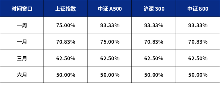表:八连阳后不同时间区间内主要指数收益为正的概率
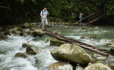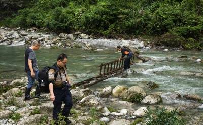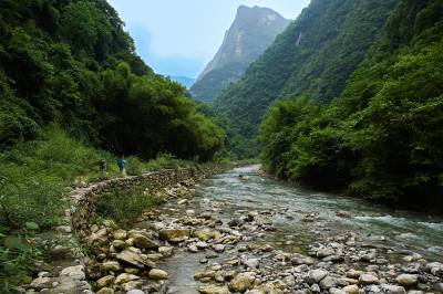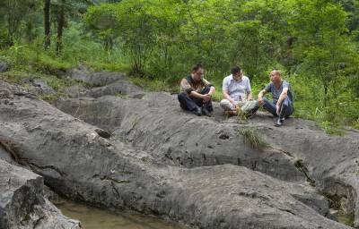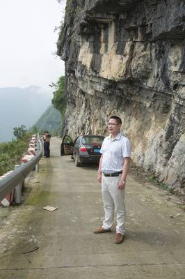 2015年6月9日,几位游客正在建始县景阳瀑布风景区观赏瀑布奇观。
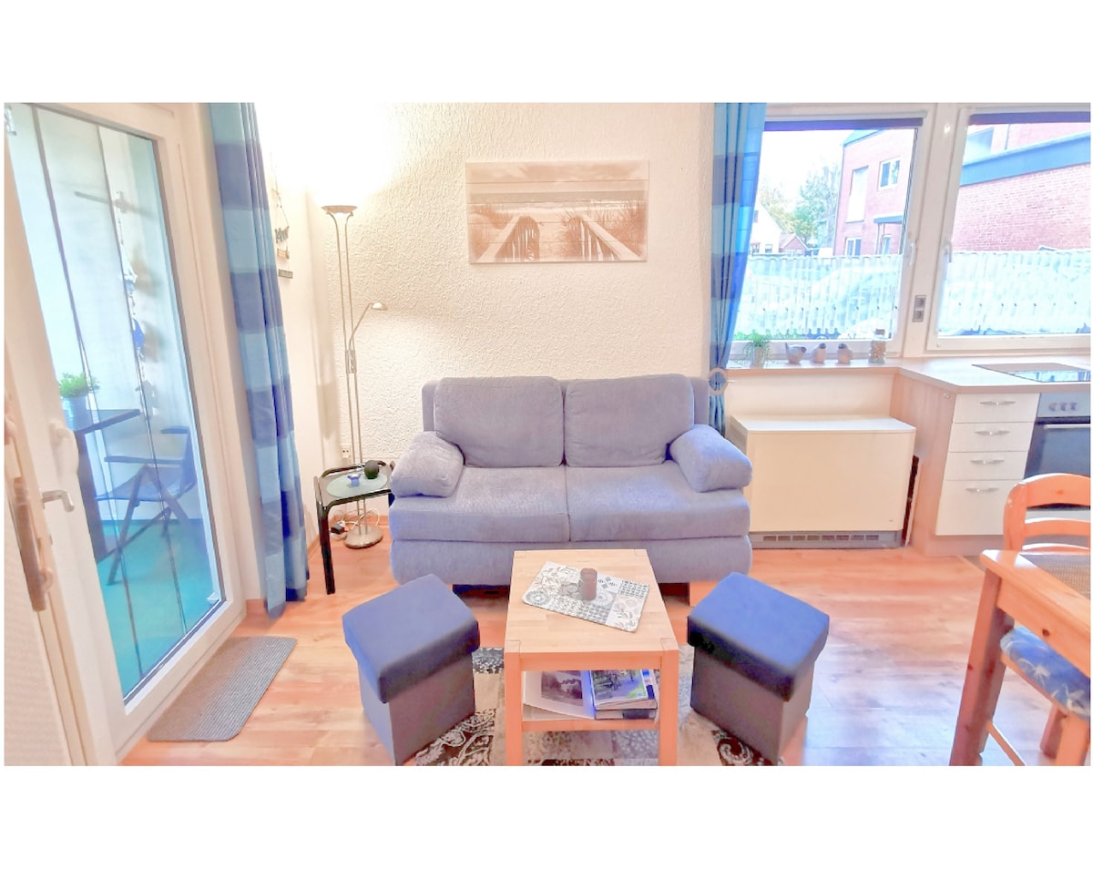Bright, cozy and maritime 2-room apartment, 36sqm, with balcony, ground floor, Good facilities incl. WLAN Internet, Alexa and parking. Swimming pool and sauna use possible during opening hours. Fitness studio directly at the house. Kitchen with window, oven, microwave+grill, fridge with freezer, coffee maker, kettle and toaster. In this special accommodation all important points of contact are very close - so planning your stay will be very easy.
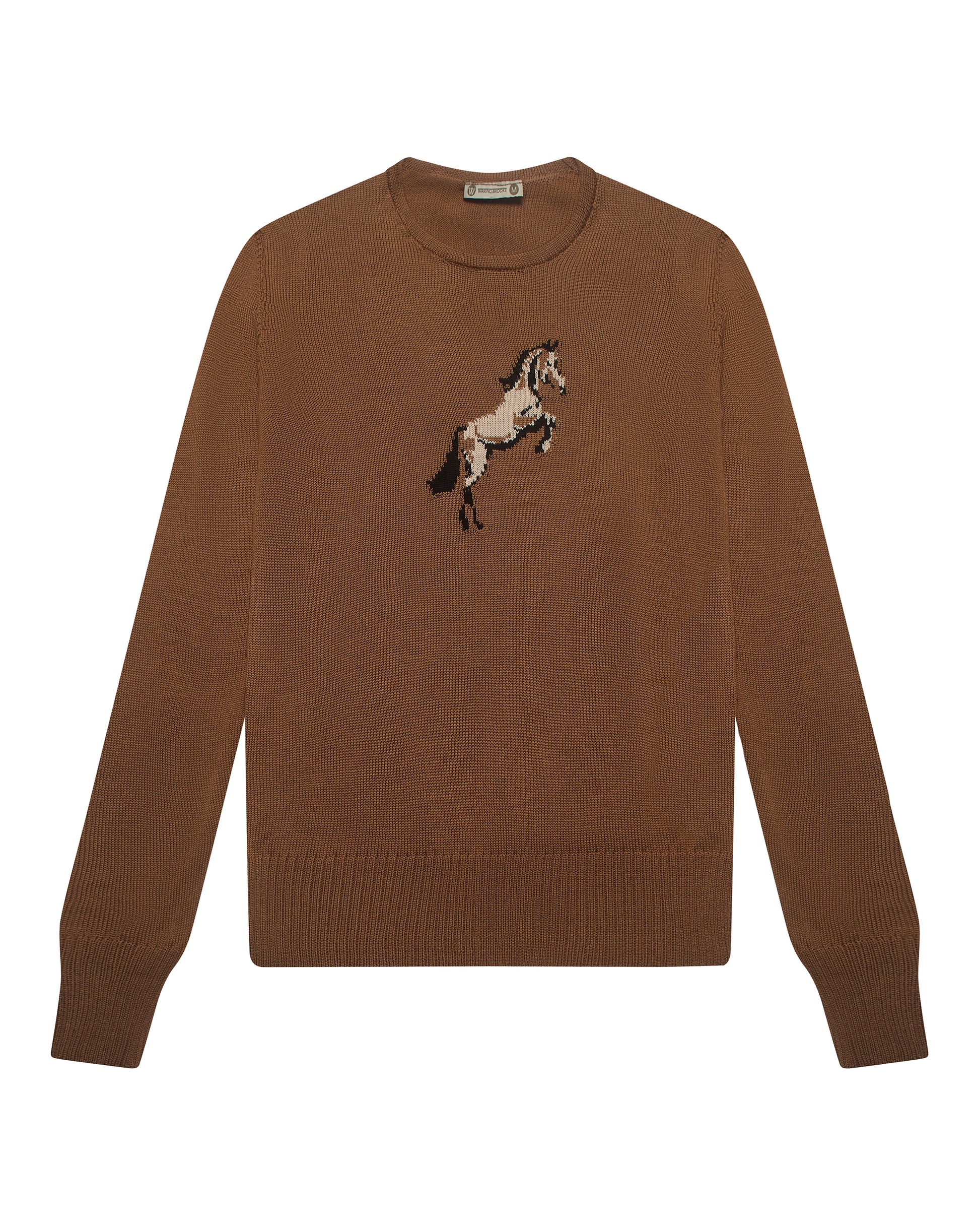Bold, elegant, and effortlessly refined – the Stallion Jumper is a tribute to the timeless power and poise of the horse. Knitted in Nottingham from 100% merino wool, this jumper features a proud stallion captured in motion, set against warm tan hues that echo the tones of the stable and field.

Your objective:
Without the pictures, write out the whole listing above exactly as it appears.

Written answer:
表:八连阳后不同时间区间内主要指数收益为正的概率
 2015年6月9日,几位游客正在建始县景阳瀑布风景区观赏瀑布奇观。
Bright, cozy and maritime 2-room apartment, 36sqm, with balcony, ground floor, Good facilities incl. WLAN Internet, Alexa and parking. Swimming pool and sauna use possible during opening hours. Fitness studio directly at the house. Kitchen with window, oven, microwave+grill, fridge with freezer, coffee maker, kettle and toaster. In this special accommodation all important points of contact are very close - so planning your stay will be very easy.
Bold, elegant, and effortlessly refined – the Stallion Jumper is a tribute to the timeless power and poise of the horse. Knitted in Nottingham from 100% merino wool, this jumper features a proud stallion captured in motion, set against warm tan hues that echo the tones of the stable and field.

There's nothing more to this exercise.